The piston

For a very long time subsequent to Dugald Clerk's creation of the two-stroke engine, the thermal limit was the only limit, but it was enough to hold power output from such engines to extremely modest levels. Then, as now, it was primarily a limit imposed by available piston materials. Cast-iron has its advantages in terms of wear resistance, hot-strength and low thermal expansion rates, and it was used quite frequently in the low speed engines of years past. Unfortunately, iron is heavy, and heavy is the last thing you want in a piston - which in modern engines is subjected to accelerations well in excess of 100,000 ft/sec2. Aluminum, used as the primary constituent in virtually all piston alloys today, is conveniently light, but disagreeably insists on melting at much lower temperatures than that of the fire to which it is directly exposed.
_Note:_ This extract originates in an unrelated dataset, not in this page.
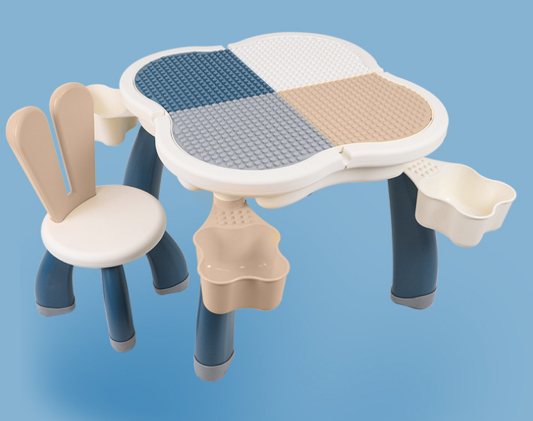 萌兔桌墨藍+兔椅+四收納盒/8701

Moreover, it loses strength very rapidly with increases in temperature above ambient, so that piston failures do occur at crown temperatures well below the material's melting point. Finally, aluminum is a high expansion-rate metal, which makes a piston made of it a variable-clearance fit in any cylinder. But aluminum is a very light metal, and that alone was enough to recommend it for use in pistons, even though the drawbacks listed were enough to severely limit the specific power outputs attainable with two-stroke engines for a long time.
Aluminum-based piston alloys improved slowly over the years, with the addition of small percentages of, say, copper, to improve their hot-strength, but it was not until means were found to add considerable amounts of silicon that large improvements were made. Today, the best piston alloys contain between 15- and 25-percent silicon, and this addition has all but transformed the “aluminum” piston. Admixtures of silicon in excess of 15-percent not only drastically reduce aluminum's expansion rate, they also affect a proportionate increase in hot-strength and improve the piston's wear-resistant properties. In all of these respects the improvement is large enough to almost exactly equal the percentage gains in horsepower during the years in which aluminum-silicon alloys have been in use. I am inclined to think that most of what we consider to be “modern” improvements in two-stroke engine design – with particular reference to expansion-chamber type exhaust systems -might have been applied as much as fifty years ago had good pistons been available. There was little point in such development work without the aluminum-silicon piston; aluminum or aluminum-copper pistons would melt at specific power outputs well below what we now consider only average.